As part of their training, basic trainees were required to guard base warehouses. These unarmed and untrained soldiers provided sport for inebriated members of the 82nd Airborne. The paratroopers would challenge, terrorize and rough up the slick-sleeved guards. To thwart the attacks, the army decided to provide the sentinels with nightsticks—providing the paratroopers with clubs. Later, higher-ups decided the trainees should carry unloaded M-14 rifles—which became souvenirs. Finally, someone got serious and the decision was made to provide the guards with birdshot loaded, twelve-gauge shot guns.
Trainees were issued a shotgun along with six shells and instructed: “Men, take your shells and load them into the shotgun; then place the safety on; turn down range; chamber one round; and upon command, remove the safety and fire at your target.” Everything went well, until the fellow next to me chambered a round and pulled the trigger. It was like a South Georgia bird hunt: shot rained down as trainees, instructors and drill sergeants scattered like quail. A solid week of kitchen duty taught the premature shooter a lesson about following instructions.
The shotguns proved to be the right tool, when a sentry peppered the backend of a proud member of the 82nd with a load of birdshot. The word spread the guards were armed and the harassment ended.

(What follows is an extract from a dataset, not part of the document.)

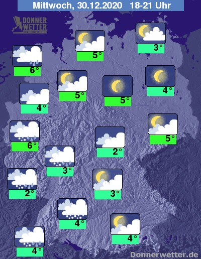 Am Abend kann es im Südwesten und Westen zu örtlichen Niederschlägen oder Schauern kommen. In den Bergen fällt Schnee, im Flachland meistens Regen oder Schneeregen. Im übrigen Land bleibt es wechselnd bewölkt, teilweise zeigen sich die Sterne auch mal für längere Zeit.
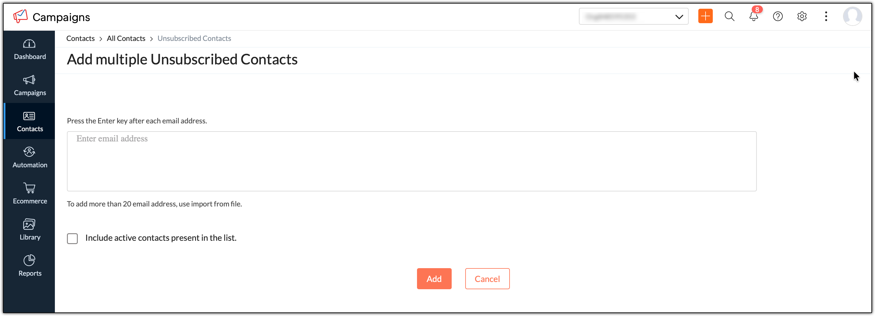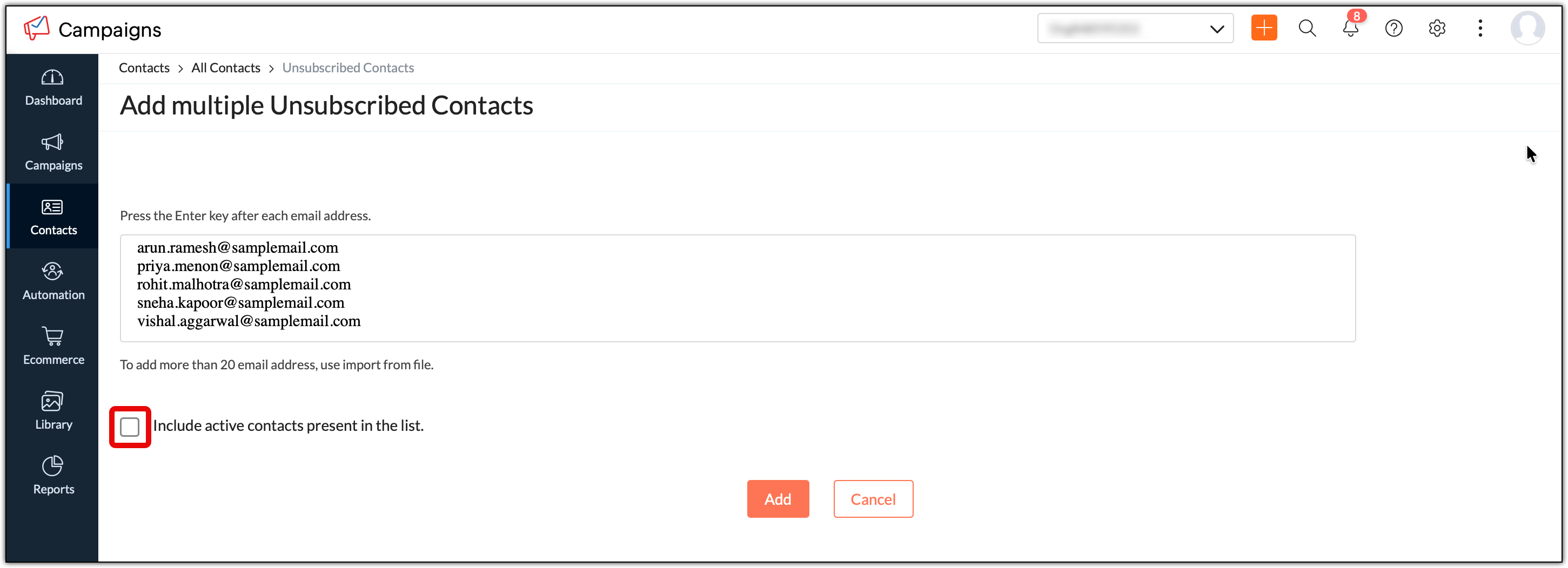 6. After entering the email addresses of your contacts that you want to add to the Unsubscribed contacts view, you can choose to select the button to include any active contacts found in the email list as Unsubscribed.

I learned the importance of providing the right tools and training. Fewer heads would have been busted if shotguns had been provided to the trainees from the beginning. Instead, the Army equipped the sentries with nightsticks and rifles before coming up with the right tool.
Sometimes, we are guilty of expecting first class results with second rate equipment and training. The increased cost to get it right is far less expensive then getting it wrong.